Consent may be used as a defense in the criminal law - similar to consent in tort law - when the victim might reasonably be shown to have consented to the defendant's actions. This defense can only be valid when the defendant's action is not strictly forbidden by statute, as is the case with many strict liability crimes and so-called consensual crimes (e.g., prostitution may be consensual, but the lady's consent in this case usually doesn't make the act legal). Consent may be given either in written or verbal form and, in certain circumstances, silence can also qualify as consent.

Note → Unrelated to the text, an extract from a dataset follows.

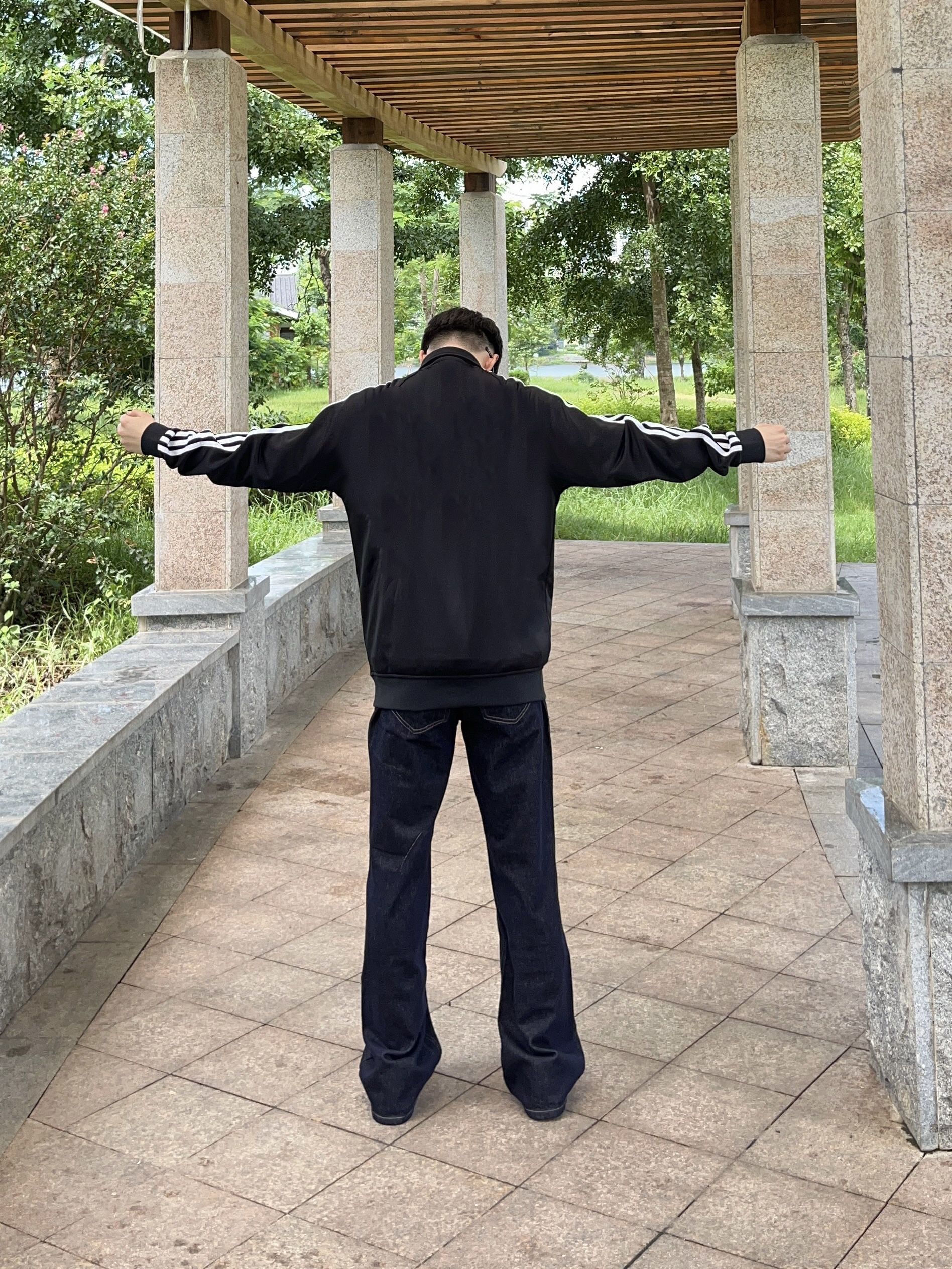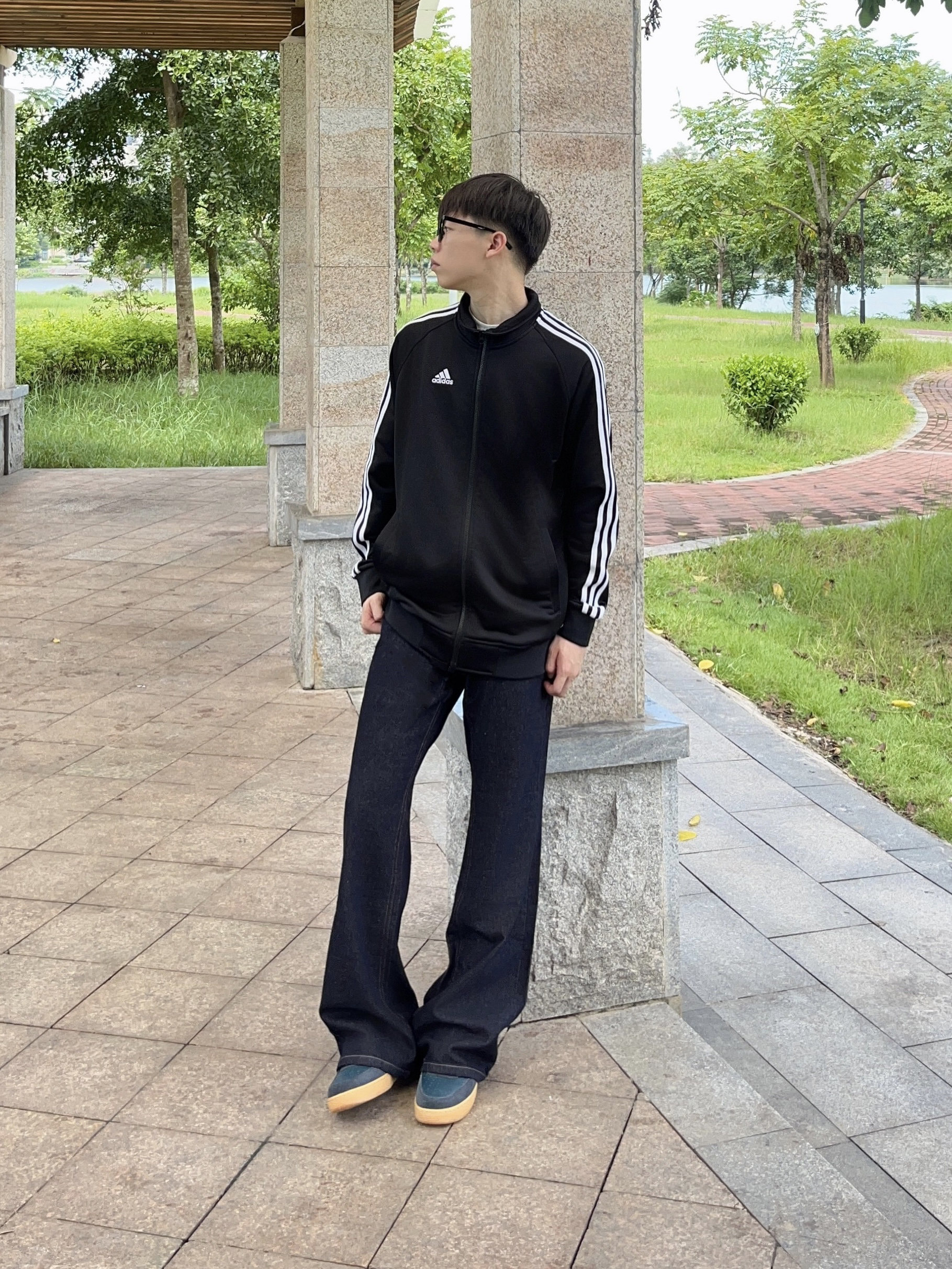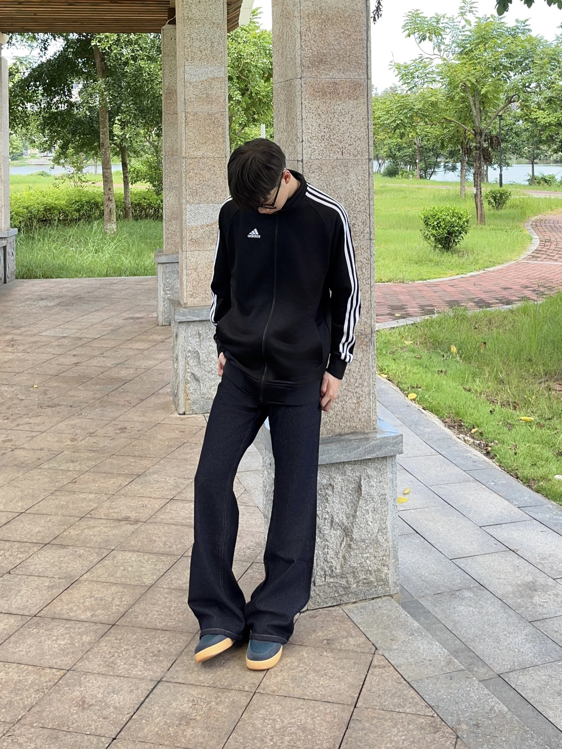 今日份穿搭分享look👀 黑色经典阿迪外套卫衣👔搭配 gangurru 的 深蓝色原牛直筒牛仔裤👖 颜值复古时尚 水洗面料舒适透气 微喇版型宽松显腿型🔥 一套搭配下来 早秋街头vibe风帅气值拉满

An example of a situation in which consent might hold as a defense would be an employer telling his clerk to take some money from the register and get a little something for himself. The clerk does as he's told and buys himself a pair of jeans. If the clerk's employer later, for some reason, tries to bring criminal charges for larceny against him, then consent might be employed by the clerk's defense council.
There are some situations in which consent cannot, as a rule, be used as a defense in criminal trial. First of all, if the person who gave consent is legally incompetent in the matter at hand and has no authority to give consent, the defense probably won't stand (for example, on clerk authorizing another to take money out of the register when he really has no authority to do so). Also, consent cannot be used as a defense if the victim is incapable of making a reasonable decision because of youth, mental disability, intoxication, or some other defect. Consent is no defense if it was induced by force or duress. And, as mentioned above, consent is irrelevant in cases where the behavior is forbidden by public policy, as is often the case in the U.S. with gambling and prostitution.